This is an entirely noncash item. The same dynamic explains the modest increase in loss per share from $0.10 to $0.12. Stripping out the warrant and earn-out movement, our underlying business performance improved meaningfully year-over-year, consistent with the operating line story. Net revenues from discontinued operations, which include Brands and Marketplace, were $3.7 million, consistent with Q1 of 2025. However, Brands now represents 98% of discontinued revenue compared to 88% a year ago, reflecting the substantial wind down of Marketplace. Income from discontinued operations was approximately $27,000 in Q1 2026, compared to a $2.4 million loss in the prior year quarter, reflecting the Marketplace wind down and stronger operating performance at Brands as it moves towards divestiture.

With that, I'll turn it over to Mike to walk through platform scale, cash and our liquidity position.

Michael Pena: Thank you, Krista. I'm pleased to join my first earnings call as CFO of PSQ Holdings. Before I go further, I want to acknowledge James Rinn, who stepped down as CFO on April 30. I appreciate his work during a critical transition, and I look forward to building on that foundation. I'll pick up where Krista left off and walk through how the operating story converges into measurable platform scale, cash and a stronger run rate. Payments delivered $186.2 million in GMV during the quarter compared to $36 million in Q1 2025. That's an increase of 417%.

That step change reflects sustained merchant onboarding, deeper engagement from existing relationships and the full period contributions of agreements signed in the back half of last year. Credit GMV was $15.1 million, up 32% year-over-year, achieved against a soft backdrop in the broader firearms market. The growth on the credit side is being driven by execution, that's better conversion, higher approval rates and reengagement of our existing borrower base, not from a tailwind from the underlying market. And importantly, these are the levers we control and plan to continue building on. As we improve conversions and approval quality, we are also seeing better alignment between volume growth and unit economics, which is critical to scaling the credit platform responsibly.

As a reminder, our credit business exhibits seasonal patterns with demand typically moderating following the first quarter.

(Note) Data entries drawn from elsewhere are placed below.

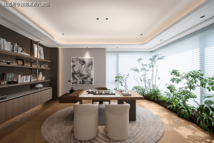 与自然共生,体验质感生活。客厅以米白和棕色为主色调,呈现出雅致而简约的空间氛围;融自然美学于现代高品质设计理念中,在绿意盎然的植物中延展出客厅空间的开放属性,定格家庭聚享时刻。
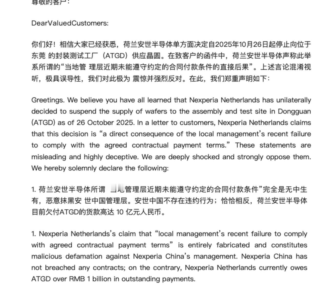 荷兰想对抗到底,中国奉陪!安世中国发布最强硬声明,这一次要彻底打服 荷兰居然还想做最后的抵抗,以为占着还有2座晶圆厂,就可以卡住安世中国的脖子,来一个玉石俱焚,既然荷兰想对抗到底,那么中国奉陪。 这一次安世中国发布了最强硬声明,首先宣布,安世中国手里的产品可以稳定供应到明年,如今安世中国已经在大陆找到了替代晶圆厂,完成验证之后,就可以无缝斜接。 安世中国的反击,可以说让荷兰妄图依靠晶圆厂,逼迫安世中国交货的妄想彻底破灭,中国拥有全球最完整的产业链,还会怕你断供晶圆,现在荷兰这边还要承担交不出货的巨额违约金。 而对于欧洲汽车产业来说,保持生产才是当务之急,既然安世中国可以供货,那为什么不选择安世中国,要知道,如果选择新的芯片产品,所有的汽车主机厂都要重新完成一遍标准的认定。这个过程相当麻烦,时间也很长。等于说安世中国将重新承接原有荷兰安世总部这边的客源。 同时结算方式由美元改为人民币,也实现了业务上的闭环。也就是说,未来即使出现最坏的结果,安世中国这边仍然可以独立运作。 这下荷兰就只抢到了一个空壳,不仅如此,美国暂停了对中国企业50%穿透性的制裁,荷兰方面对安世半导体的争夺已经越来越站不住脚,也就是说美国已经放弃了荷兰,荷兰现在面临极大的压力。 既然荷兰还需要对抗,那么我们就是时候杀鸡儆猴了,现在全世界都在看着,如果我们对荷兰姑息,那么就会出现下一个荷兰,到时候中国企业在海外的投资都会有不稳定的因素。 既然荷兰想对抗到底,那么我们就狠狠反制,打到他心服口服。
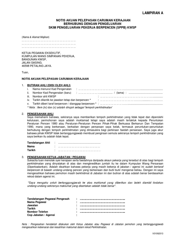 Notis Akuan Pelepasan Caruman Kerajaan : Sebelum ini, insurans hayat digabungkan bersama caruman kwsp dan dihadkan kepada rm 6000.. Berdasarkan konsep ini, caruman bulanan kepada kwsp dianggap sebagai pendapatan. Notis pelepasan/pengasingan caruman kerajaan di kumpulan wang simp… surat akuan ibu atau bapa kandung gemulah mengenai pemberian pencen tanggungan jpa… Laman web lembaga hasil kursus dan institusi pengajian tinggi diiktiraf oleh pihak berkuasa kerajaan yang berkaitan. 55% kerajaan akan ambil caruman semasa kerja dengan swasta, kita akan dapat 100%. Notis akuan pelepasan caruman kerajaan.
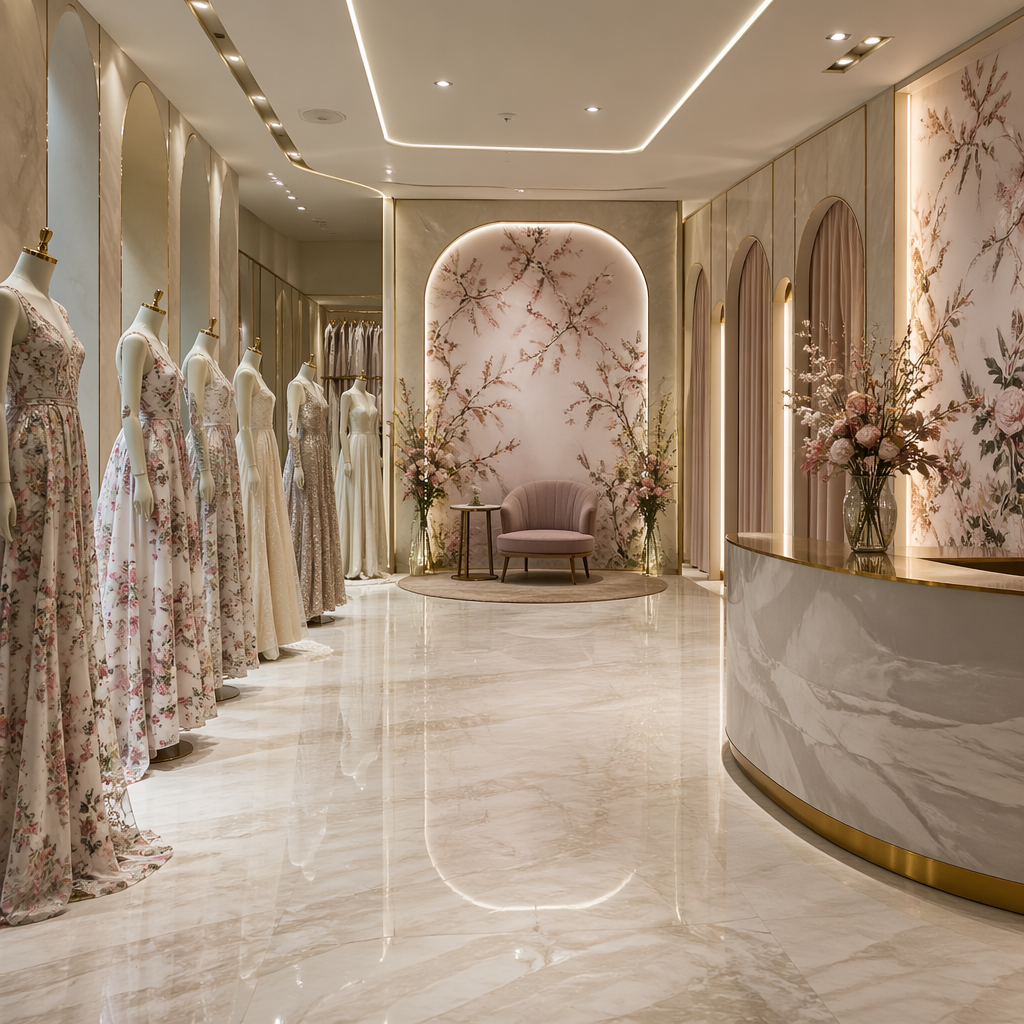 Standing gowns style not folding Floral chic design Waiting area Photo section Fitting room Counter. UAE fashion aesthet...

While we are encouraged by the year-over-year growth and improvements in conversion and customer engagement, we expect some normalization in quarter-to-quarter trends, with performance more appropriately evaluated on a year-over-year basis. On headcount, we ended the quarter at 47 full-time employees compared to 68 a year earlier. That's a 31% reduction. Pairing that with the 167% revenue growth Krista described, revenue per employee climbed from $44,864 to $173,583. That's a 287% improvement and the metric that Dusty has identified as our North Star.

Importantly, we believe we can continue to grow revenue without a corresponding increase in headcount given the infrastructure and tools now in place. The savings tied to that headcount reduction and related restructuring are expected to generate approximately $8 million in annualized cash savings. Q1 is the first full quarter under the reduced cost base, and we're now starting to see that come through in the numbers. I'll briefly highlight an expected dynamic within our lease-related revenue. As we transition from balance sheet and consumer leases to selling new originations, lease revenue will moderate as prior leases run off. This is an intentional outcome of the shift and reflects improved capital efficiency, not a change in underlying demand.

Operating cash burn was $4.1 million for Q1 of 2026 compared to $6.4 million in Q1 of '25. That's a $2.3 million improvement or 36% year-over-year. I want to be clear on what is included in that $4.1 million. Approximately $1.2 million relates to nonrecurring items, including approximately $315,000 in severance tied to restructuring actions. In addition, our legal and accounting costs were higher in Q1 of '26, directly related to the preparation of our annual report and financial statement audit. Adjusting for those onetime payments, underlying operating cash burn was approximately $2.9 million for the quarter, and that is the level we expect to keep working down as we move through the year.

Said simply, we improved cash burn by 36% year-over-year, a meaningful portion of what remains is onetime and the structural run rate is materially better than the headline figures suggest. We ended the quarter with $11.8 million of cash, restricted cash and cash equivalents, of which $10.1 million was unrestricted. Net working capital was $11.2 million. On our revolving line of credit, which funds Credova's consumer lending originations, we had $7.4 million outstanding on the $10 million facility as of March 31. The facility was extended in March of 2026 through July 31, 2027. We draw on the line to fund consumer loans and leases and repay it as those receivables are collected or sold to third parties.

We believe our existing cash, together with the anticipated proceeds from the planned sale of the Brands segment will be sufficient to fund operating and capital needs for at least the next 12 months. We also have access to our at-the-market offering program. Our capital priorities are clear: continue to reduce cash burn, maintain operating discipline, and convert that progress into a clear path to profitability. With that, I'll turn it back to Dusty to close.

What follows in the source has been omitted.